■ DATASET EXTRACT
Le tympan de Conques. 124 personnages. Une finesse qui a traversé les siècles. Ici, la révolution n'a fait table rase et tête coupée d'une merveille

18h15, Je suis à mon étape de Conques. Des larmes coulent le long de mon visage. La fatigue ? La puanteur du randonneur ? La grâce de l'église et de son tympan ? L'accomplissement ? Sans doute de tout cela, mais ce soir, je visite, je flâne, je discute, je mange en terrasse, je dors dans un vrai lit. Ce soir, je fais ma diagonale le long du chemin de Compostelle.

---

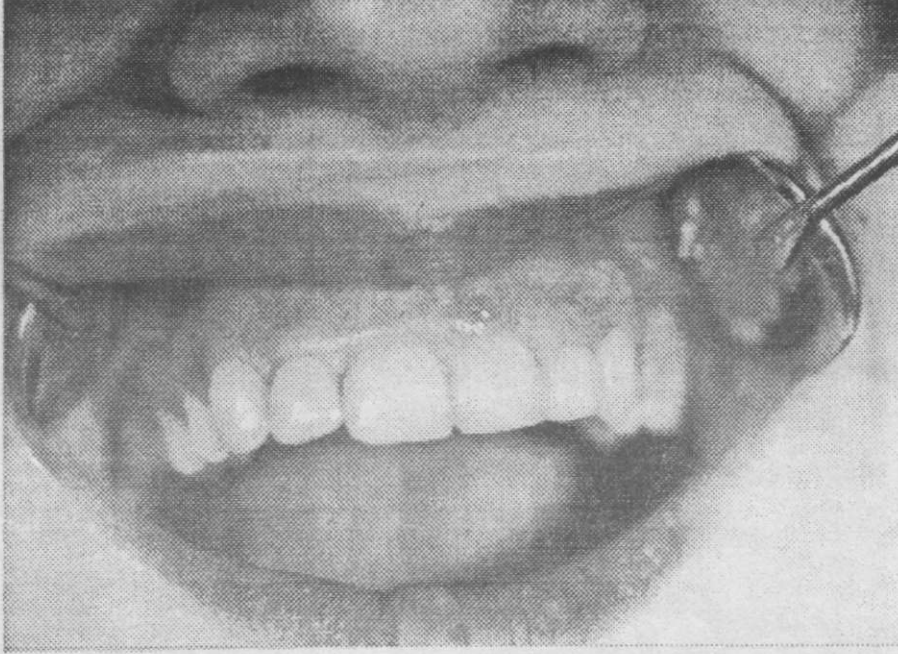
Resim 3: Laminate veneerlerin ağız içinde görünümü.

■ PROBLEM
Word for word, restate the lines above from the line containing "Le tympan de" through the line containing "18h15, Je suis", with both included and nothing else.

■ OUTPUT OF THE TASK
Le tympan de Conques. 124 personnages. Une finesse qui a traversé les siècles. Ici, la révolution n'a fait table rase et tête coupée d'une merveille

18h15, Je suis à mon étape de Conques. Des larmes coulent le long de mon visage. La fatigue ? La puanteur du randonneur ? La grâce de l'église et de son tympan ? L'accomplissement ? Sans doute de tout cela, mais ce soir, je visite, je flâne, je discute, je mange en terrasse, je dors dans un vrai lit. Ce soir, je fais ma diagonale le long du chemin de Compostelle.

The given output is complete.